Rendered using Vue xStream

E-on software's Vue is one good solution for the realistic natural environment creation. I do like the atmosphere and the sky it generates.

If you render the environment in Vue in lat-long style and use it for IBL in Maya, it can be a very efficient environment setup.  Vue provides with an option to export the sky in lat-long style but takes very long time to render since it only utilizes a single cpu thread for this particular task.

So, what I usually do is to create the sky in Maya using the xStream plug-in and render within Maya.
If a panoramic lens shader like latlong_lens shader is available, it will make your life a bit easier. But, if not, you can still render 6 images in cubemap style and transform them into a lat-long format.



Here's the result of the lat-long lens shader. It can directly create spherical type (lat-long) panoramic image from one single camera.


The only problem it has is this shader is not always available, especially for a newly released Maya.
If that is the case, you need to turn to the traditional cubemap method which requires 6 images-top, bottom, front, back, left and right.



You can use one camera and rotate it like above image or can use 6 cameras.
I prefer the latter. 



Here's my camera rig.

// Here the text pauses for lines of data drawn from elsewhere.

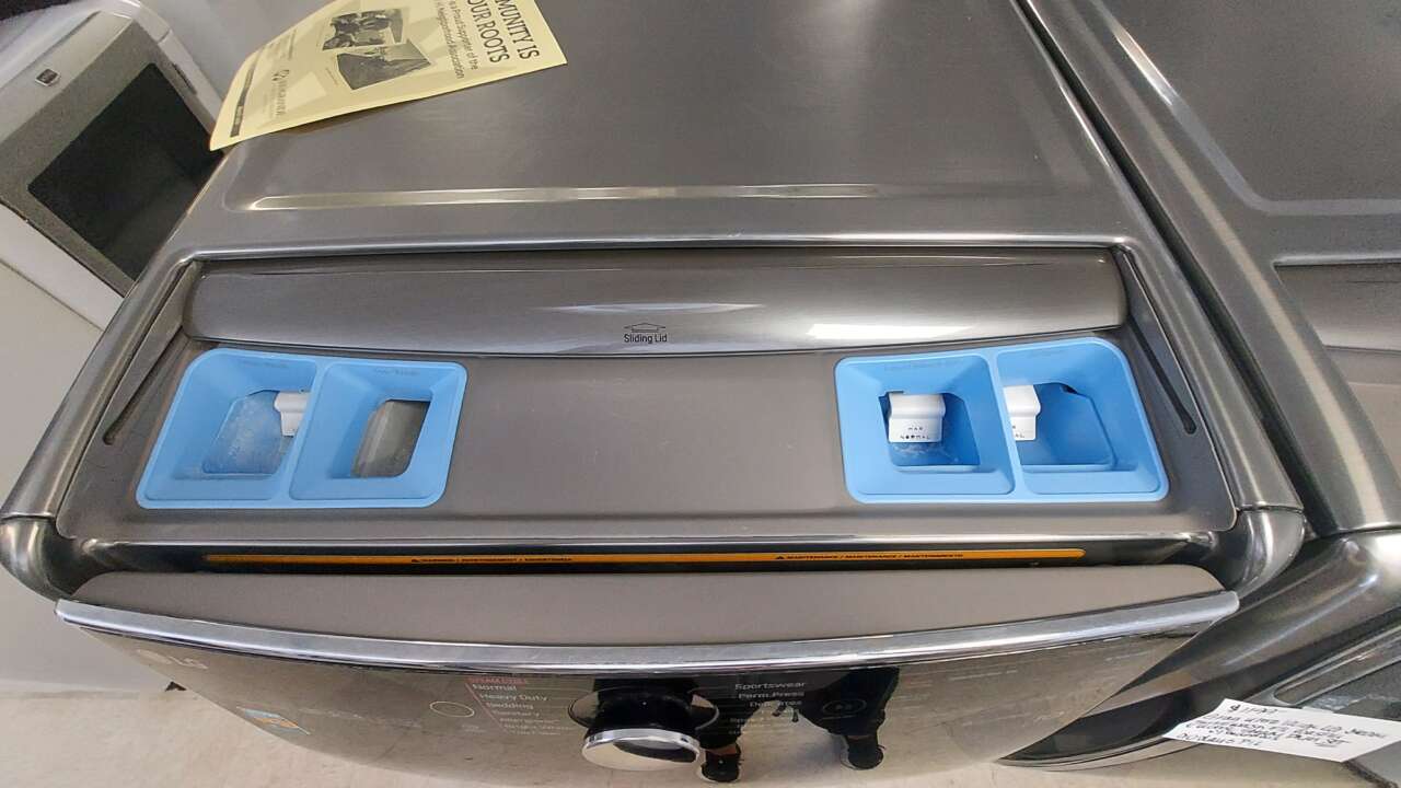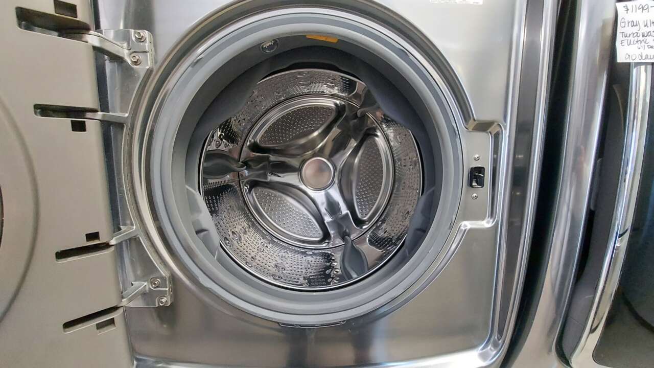 Gray Ultra Large LG Steam Turbo Wash Front Load Washer/Electric Dryer Set w/Pedestals
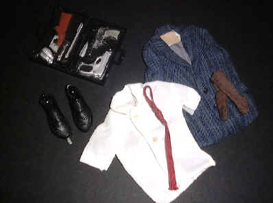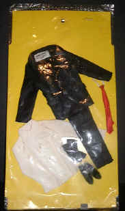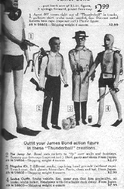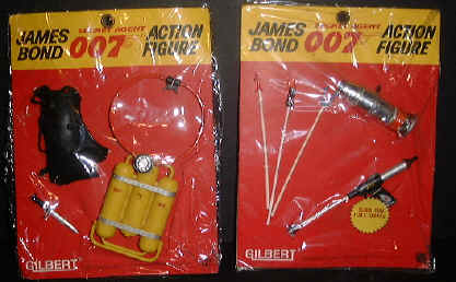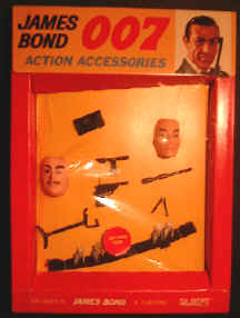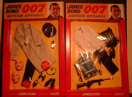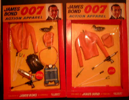 Gilberts range of doll accessories I often wonder how many kids actually played hard and long with their Bond doll. Not only are they pretty boring but the clothes and accessories are hard to get on the doll. Seen here are the complete set of accessories that were generally available. There is mention of others in early Sears catalogs and the dinner suit below is one of those. Interesting to note that I have never seen a dinner suit in a frame box. I have also come to believe that the suits above were also so through the Sears catalog and may have been delivered without frame boxes. The loose outfit on the right came with the first version of the Gilbert James Bond doll, which was only available through the 1965 Sears catalog. There are a pair of shoes, one of which has a spring loaded knife, suitcase with gun (later available on an action toy card), a blue striped business suit, white shirt, tie and brown socks.
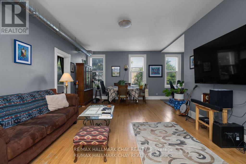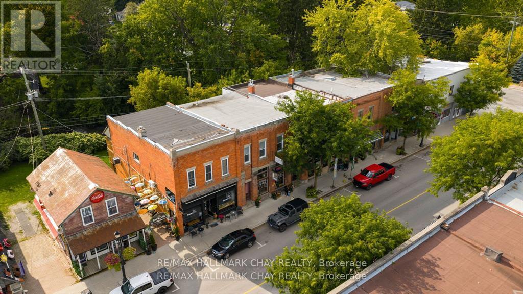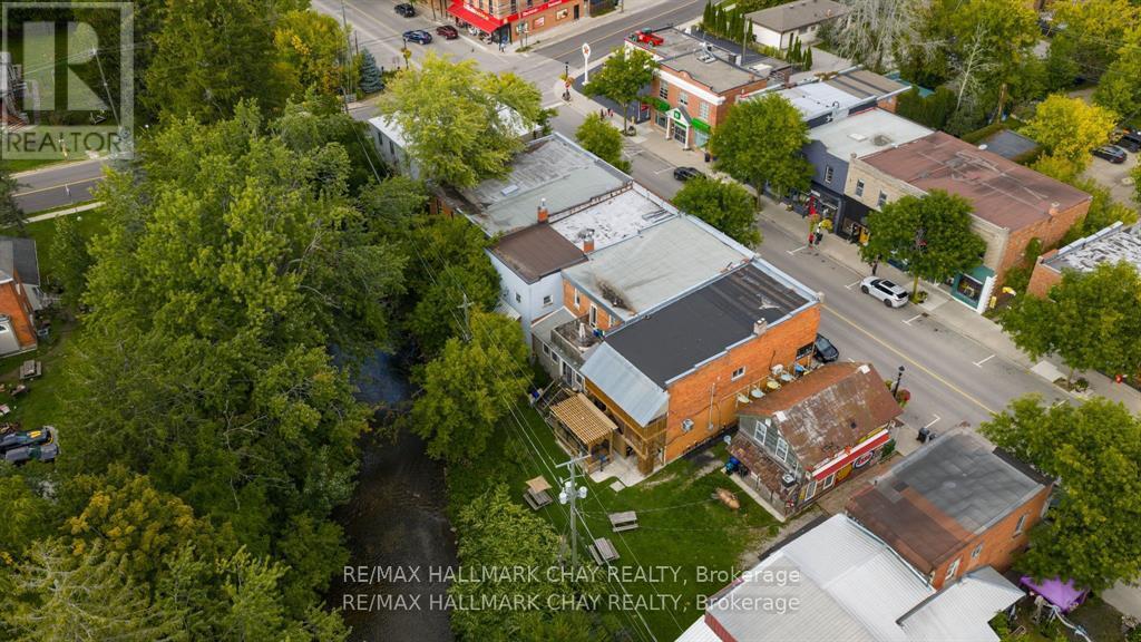 Century commercial building backing onto Coldwater River in the business heart of the Town of Coldwater. Lots of character and charm in this building. This multi use building offers retail on the mail level and a 2 bedroom plus den apartment on upper. The main floor retail space has 12 foot ceilings and a sunroom addition with a walk out to the scenic river. There is also an unfinshed dry basement with a 2 pc bathroom and great storage. The upper apartment also has high ceiling, laundry in suite and a walk out to the deck from the kitchen. 2 A + tenants who would like to continue to rent. All appliances included. Separate meters and furnaces for both units. (id:64974)
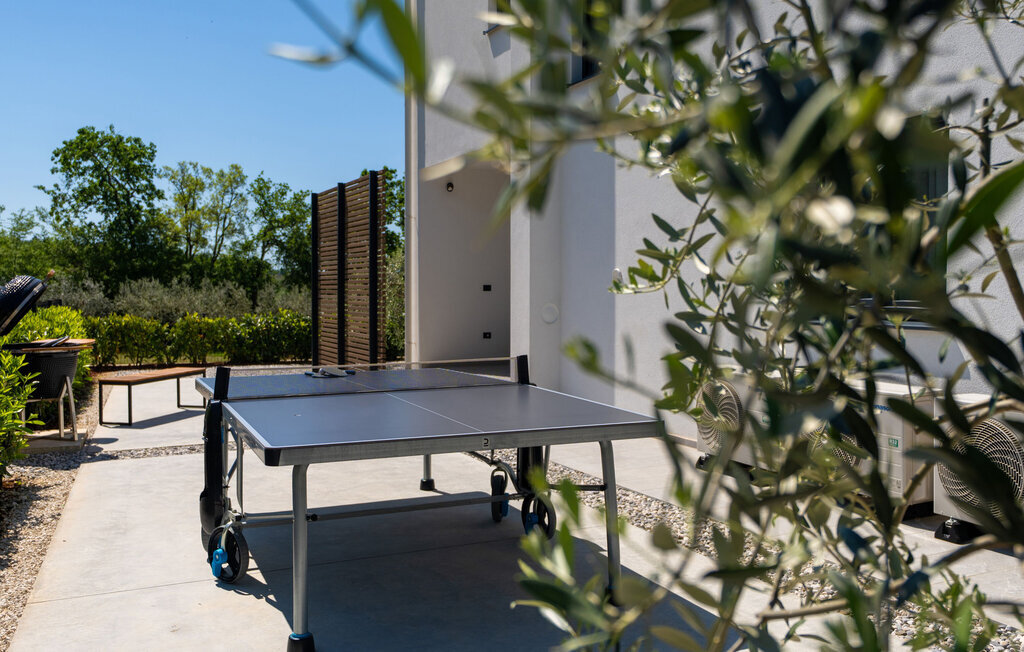 Sur le terrain entièrement clôturé, les hôtes ont à leur disposition une piscine d'eau salée, des chaises longues pour prendre le soleil, un parasol, plusieurs places de parking, une cuisine d'été couverte avec des sièges, un barbecue et une table pour le tennis de table.

Note that the naming convention has to be like that.



Each camera must cover exact 90 degrees of field of view in square frame.

Here's the render settings.

 Don't forget to set the framebuffer to 32bit float.


Now, batch render it.







I will stitch these 6 images into one cross-type cubic environment map.
To do this, I use an application called "cube2cross.exe". This takes 6 hdr format images to generate one big cross type hdr map.


I load this in HDRshop.


Using the settings above, I transform the cross type map into lat-long type env map.


This transformed result is basically identical to the one that's rendered through the lat-long lens shader.
Both methods take advantage of using full cpu threads.


The hdr image is now loaded in Maya's IBL. Now it takes virtually no time to render the environment.